Question

Question #50138

A stone is dropped into a well. The splash is heard 2.95 seconds later. What is the
depth of the well? Velocity of sound in air is 350 m/s.

Expert's answer

Answer on Question 50138, Physics, Mechanics | Kinematics | Dynamics

Question:

A stone is dropped into a well. The splash is heard 2.95 seconds later. What is the depth of the well? Velocity of sound in air is $350~\mathrm{m/s}$ .

Solution:

When stone is dropped into the well, it needs time $t$ to reach the water. Then time that sound of splash takes to travel from water to top of the well is $t_{sound} = (2.95 - t)$ . So, we can obtain the depth of the well (the initial velocity of the stone is zero):

h = \frac{1}{2} g t^2. \quad (1)

From the other hand:

v_{sound} = \frac{h}{t_{sound}},

We can write the formula for the depth of the well:

h = v_{sound} t_{sound} = v_{sound} (2.95 - t). \quad (2)

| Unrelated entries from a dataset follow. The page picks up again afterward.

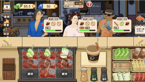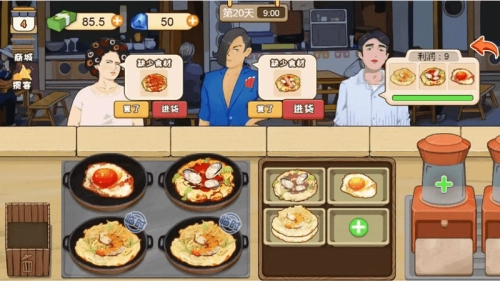 1、基础经营流程完成从进货、备料到烹饪、服务的完整经营环节,保证摊位正常运转。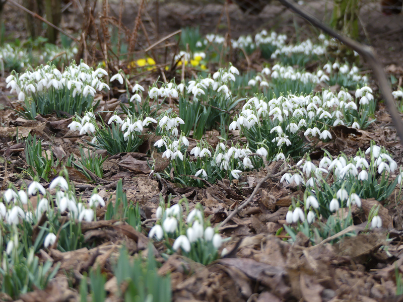 Hier bleiben nun immer wieder Passanten stehen und bestaunen die Schneeglöckchen.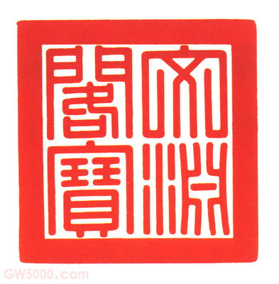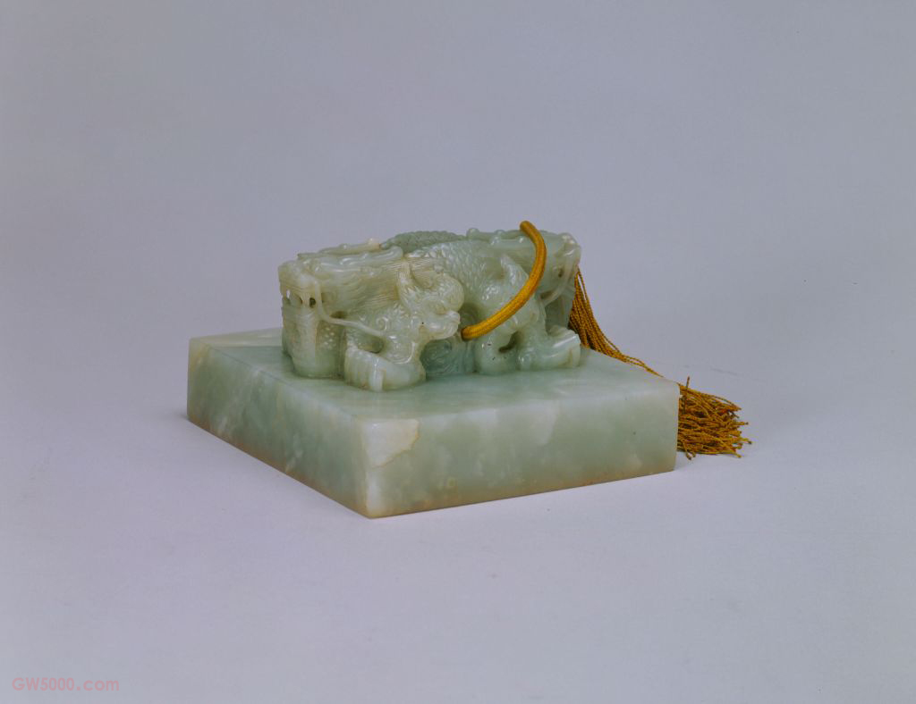 “文渊阁宝”,清乾隆,青玉质,交龙纽方形玺,篆书。面12.7厘米见方,通高9.5厘米,纽高4.9厘米。附系黄色绶带。 文渊阁位于文华殿后,是著名的宫廷藏书处。清代《四库全书》正本和《古今图书集成》两部大百科全书就藏在这里。乾隆四十七年(1782),《四库全书》第一部告成。乾隆帝谕:自四月四日始,每册用御宝二。前曰“文渊阁宝”,后曰“乾隆御览之宝”。说明此宝是专门钤盖在文渊阁本《四库全书》上的宝玺。帝后宝印的纽制之一。其纽形为两条相向的龙躯体合二为一。 文华殿在太和殿之左,协和门之外,明嘉靖朝以前为皇帝之便殿,以后用为皇帝讲经筵之所。清袭明制。明中期,这里是皇太子摄政之地。明光宗崩,大臣刘一燝、杨涟等将皇太子从乾清宫扶至文华殿,遵其前制故。 我国古代最大的丛书,清代乾隆皇帝敕辑。乾隆三十八年(1773年)诏开“四库全书馆”,裒辑《永乐大典》之散篇,并收罗天下之遗书,参其事者4400余人,历时10年完成。《四库全书》分经、史、子、集四部,故名“四库”。共3400余种,79300卷,凡6114函,36381册,约9亿9千7百万字。内容涉及广泛,对整理保存古代文献起了极大作用。<BR> 《四库全书》以丝绢作书皮,其中经部书用褐色绢,史部书用红色绢,子部书用黄色绢,集部书用灰色绢,分别贮于楠木书匣中,再放置在书架上,十分考究。《四库全书》前后共抄录七部,其中以文渊、文源、文津三阁藏本最为精致,疏漏较少;文宗、文汇、文源各本已亡失。现存四部中,文渊阁本现藏台北故宫博物院;文津阁本现藏北京图书馆;文溯阁本现藏甘肃省图书馆;文澜阁本散佚后补抄复原现藏浙江省图书馆。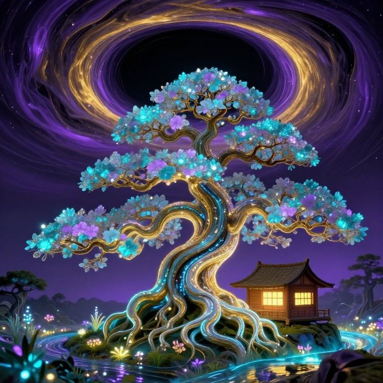 A breathtaking, hyper-detailed masterpiece, depicting a luminous bonsai tree of colossal proportions, its intricate branches twisting and curling in random, surreal patterns, The tree glows softly with ethereal hues of turquoise, lavender, and gold, its luminous leaves shimmering like delicate gemstones, Beneath its sprawling canopy, the roots curve and intertwine, forming a labyrinthine structure that glows faintly, as if imbued with the life force of the land itself, Above, a massive black hole looms in the vibrant sky, its edges swirling with vivid streaks of violet and deep gold, pulling in fragments of light and casting an eerie, otherworldly glow over the scene, The black hole’s gravitational pull subtly distorts the atmosphere, creating rippling, dreamlike waves of light and shadow across the luminous landscape, Nestled beside the towering bonsai tree is a small, rustic house with a curved roof, glowing windows, and an inviting, warm light emanating from within, The house's simplicity contrasts beautifully with the fantastical surroundings, its wooden walls blending naturally into the luminous land, The ground is covered in radiant grass and flowers that emit a soft bioluminescent glow, while streams of liquid light meander across the terrain, creating an otherworldly, enchanted ambiance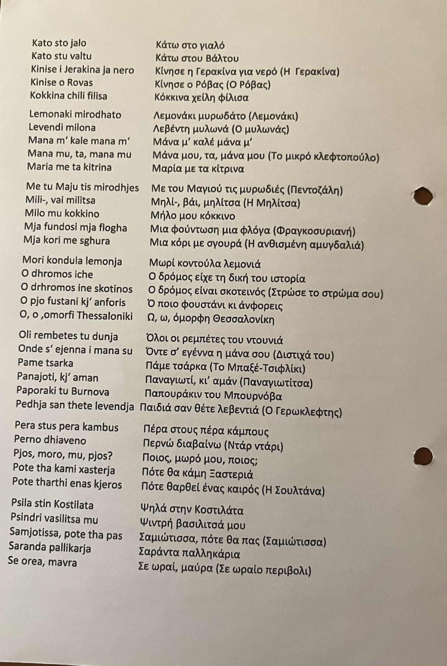 Τα ελληνικά που διάλεξαν ήταν η «Άρνηση» του Σεφέρη σε μουσική Θεοδωράκη. Είπαν και το «Ήρθε βοριάς ήρθε νοτιάς» του Χατζηδάκι πρώτα στα ελληνικά και μετά το αυθεντικό Lili Marleen, το πλέον διάσημο τραγούδι στη διάρκεια του Β’ Παγκοσμίου πολέμου που τραγουδήθηκε και από τις δύο πλευρές των αντιμαχομένων, με διαφορετικό χαρακτήρα, με αρχική ερμηνεύτρια του τραγουδιού τη Λάλε Άντερσεν. Το «Κόκκινο γαρύφαλλο», το «Τα παιδιά του Πειραιά», τη «Τζαμάικα», το «Ξημερώνει» (Το σύννεφο έφερε βροχή). Εκεί εντυπωσιάστηκα. Ενώ τραγουδούσαν όλοι μαζί ο Σπύρος Καβαλλιεράτος κάποια στιγμή σταμάτησε… «Όχι λάθος» είπε μια κυρία «έχει ακόμη μία στροφή»! Στο τέλος έκαναν και παραγγελιές… «Συννεφιασμένη Κυριακή», «Τα σπίτια είναι χαμηλά», «Ένα το χελιδόνι», «Βρέχει στη φτωχογειτονιά», «Παλικάρι», «Περιβόλι του ουρανού»… τα ζητούσαν όχι μόνο με τον τίτλο αλλά και με κάποιο στίχο.
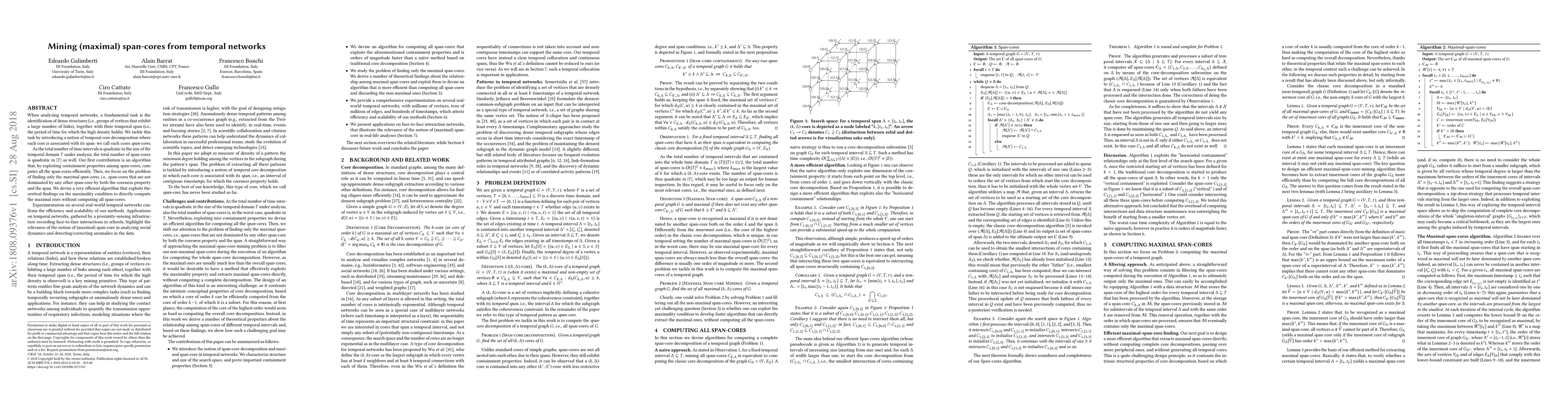 This paper introduces an efficient algorithm for identifying maximal span-cores in temporal networks, dense structures with high link density over specific time spans. The authors propose a novel temporal core decomposition method and demonstrate its scalability and effectiveness through experiments on real-world datasets, highlighting its utility in analyzing social dynamics and detecting anomalies.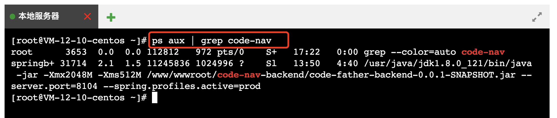 想确保项目已启动,可以使用 Linux 的 ps 命令查看应用进程,比如: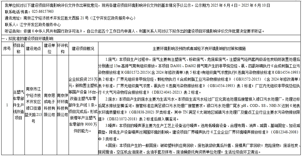 南京思成电子科技有限公司注塑汽车零部件生产线改造项目环评拟批情况公示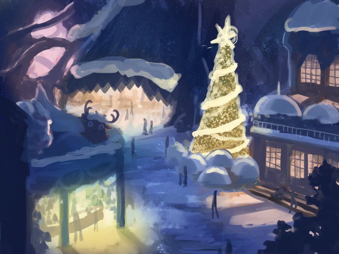 歩行者のシルエットを整えて、雪を降らして完成! 奥の建物はガウスぼかし入れてみた。 筆のタッチでぼやかし効果入れられたらいいんだけど、 なかなか難しいね(==; #CLIPSTUDIOPAINT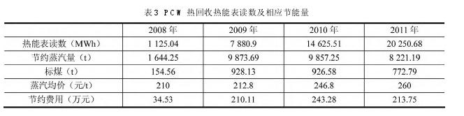 節(jié)能成果,PCW 熱回收系統(tǒng)節(jié)能改造安裝有熱能表,2008 年 12 月投入運(yùn)行使用后,蒸汽用量和冷凍水負(fù)荷明顯降低,節(jié)能成果見(jiàn)表 3。實(shí)際每年運(yùn)行周期為 11 月至次年 4 月,截止至 2011 年11月 ,累 計(jì) 運(yùn) 行 1 8 個(gè) 月 累 計(jì) 節(jié) 約 蒸 汽 量 為29 596.37 t,折合標(biāo)煤為 2 782.06 t,節(jié)約蒸汽費(fèi)用為 701.67 萬(wàn)元。如果不考慮板換的損失,96.37 t,折合標(biāo)煤為 2 782.06 t,節(jié)約蒸汽費(fèi)用為 701.67 萬(wàn)元。如果不考慮板換的損失,節(jié)約的制冷量相當(dāng)于節(jié)約的電量,故冷凍機(jī)節(jié)電量約368.19 萬(wàn) kWh。耗電量實(shí)際每年運(yùn)行周期為 11 月至次年4 月,截至 2011 年 11 月,累計(jì)運(yùn)行18 個(gè)月):水泵耗電量約 19.44 萬(wàn) kWh,綜合節(jié)電量348.75 萬(wàn) kWh,總共節(jié)約費(fèi)用 910.92 萬(wàn)元,總共節(jié)能量折合標(biāo)煤為4 191.01 t。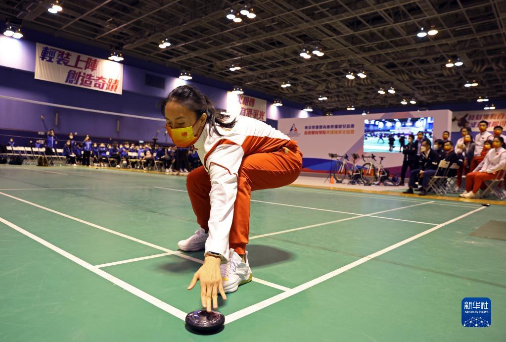 12月5日,內地奧運健兒訪港代表團成員朱雪瑩(前)在香港體院參加互動游戲。新華社記者 賈浩成 攝

Therefore, we can equate formulas (1) and (2) for $h$ and we obtain:

v_{sound} (2.95 - t) = \frac{1}{2} g t^2

Finally, we obtain the quadratic equation:

4.9 t^2 + 350 t - 1032.5 = 0.

This equation has two roots:

t_1 = \frac{-350 - \sqrt{142737}}{2 \cdot 4.9} = -74.265,

t_2 = \frac{-350 + \sqrt{142737}}{2 \cdot 4.9} = 2.84.

Because time can't be negative the correct answer is $t = 2.84s$ .

Then, we can substitute time $t$ into the formula (2) for $h$ (but we can do this also for the formula (1), they both are equal):

\begin{array}{l} h = v_{\text{sound}} t_{\text{sound}} = v_{\text{sound}} (2.95s - t) = \\ = 350 \frac{m}{s} (2.95s - 2.84s) = 350 \frac{m}{s} \cdot 0.11s = 39m. \end{array}

**Answer:**

The depth of the well is $h = 39m$ .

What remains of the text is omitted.